Simplify $4\left( {6x + 11} \right)$.

Answer 1

Hint: Distributive property which means the distribution of multiplication over addition can be used here since the two arithmetic operations addition and multiplication are present here. So by using the distributive property of real numbers we can simplify the above expression easily.
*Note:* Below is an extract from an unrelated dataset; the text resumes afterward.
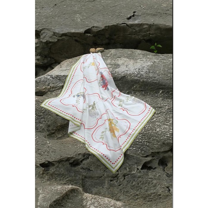 Dengan bahan polyester ukuran 60 x 60 cm, scarf ini bisa dipakai sebagai bandana, headband, gelang, ikat rambut, aksesori tas, dan juga aksesori lain sesuai selera.

Complete step-by-step solution:
Given
$4\left( {6x + 11} \right)..................................\left( i \right)$
Now in order to simplify equation (i) we have to use the distributive property of real numbers.
Distributive property:
In simple words distributive property simply means the distribution of multiplication over addition.
Such that if we apply distributive property to $a\left( {b + c} \right)$we get:
$a\left( {b + c} \right) = ab + ac..........................\left( {ii} \right)$
Now on comparing we can see that $4\left( {6x + 11} \right)$is of the form $a\left( {b + c} \right)$such that we can directly apply the distributive property on$4\left( {6x + 11} \right)$.
So on applying the distributive property on$4\left( {6x + 11} \right)$, what we are really doing is distributing the number 4 over the terms of addition.
Such that on distributing 4 by multiplication we can write:
$4\left( {6x + 11} \right) = 4\left( {6x} \right) + 4\left( {11} \right).........................\left( {iii} \right)$
Now on simplifying (iii) we can write the final answer:
$
  4\left( {6x + 11} \right) = 4\left( {6x} \right) + 4\left( {11} \right) \\
   = 24x + 44..............................\left( {iv} \right) \\
 $
Therefore on simplifying $4\left( {6x + 11} \right)$we get$24x + 44$.

Additional Information:Distributive property has a wide range of applications and can be used to simplify problems having unlike terms inside a parenthesis or a bracket.

Note: Distributive properties are used in the cases where the terms inside a parentheses are not like terms and thus cannot be added to get the answer as such in like terms. Also while applying the distributive property it should be made sure that all the terms inside the bracket or parenthesis have been multiplied with the term outside the parentheses.